TASK STATEMENT – Scan the entries below and tally the lines that include "will". Return nothing but the tally.

PROVIDED RECORDS –
--- START ---

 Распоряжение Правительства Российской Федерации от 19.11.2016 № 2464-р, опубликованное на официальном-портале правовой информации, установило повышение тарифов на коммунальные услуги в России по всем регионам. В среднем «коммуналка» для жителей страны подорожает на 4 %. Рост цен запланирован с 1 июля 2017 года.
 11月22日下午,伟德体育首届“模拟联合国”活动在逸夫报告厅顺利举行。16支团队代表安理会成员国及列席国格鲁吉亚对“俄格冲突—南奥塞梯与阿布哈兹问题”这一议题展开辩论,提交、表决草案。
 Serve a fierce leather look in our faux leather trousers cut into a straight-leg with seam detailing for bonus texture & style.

--- END ---
--- START ---

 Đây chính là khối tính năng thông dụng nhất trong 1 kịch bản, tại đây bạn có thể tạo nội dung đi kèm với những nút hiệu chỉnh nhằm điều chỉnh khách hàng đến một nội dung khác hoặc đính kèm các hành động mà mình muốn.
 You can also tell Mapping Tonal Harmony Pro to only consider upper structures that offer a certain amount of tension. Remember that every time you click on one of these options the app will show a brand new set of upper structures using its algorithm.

--- END ---
--- START ---

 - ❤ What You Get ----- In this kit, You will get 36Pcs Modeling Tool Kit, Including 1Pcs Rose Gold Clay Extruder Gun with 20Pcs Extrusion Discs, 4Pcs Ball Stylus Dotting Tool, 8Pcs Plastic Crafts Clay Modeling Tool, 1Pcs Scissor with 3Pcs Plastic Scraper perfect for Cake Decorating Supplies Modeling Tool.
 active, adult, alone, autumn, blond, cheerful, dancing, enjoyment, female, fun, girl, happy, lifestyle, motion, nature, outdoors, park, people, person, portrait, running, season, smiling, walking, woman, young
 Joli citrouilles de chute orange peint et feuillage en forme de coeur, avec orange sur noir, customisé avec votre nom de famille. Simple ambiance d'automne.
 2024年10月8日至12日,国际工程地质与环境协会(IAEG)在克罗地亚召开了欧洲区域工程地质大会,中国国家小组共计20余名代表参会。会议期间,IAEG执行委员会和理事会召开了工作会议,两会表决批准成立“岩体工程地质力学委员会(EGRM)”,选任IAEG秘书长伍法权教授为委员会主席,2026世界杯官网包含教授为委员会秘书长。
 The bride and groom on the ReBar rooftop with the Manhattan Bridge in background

--- END ---

RESPONSE TO THIS EXERCISE – 2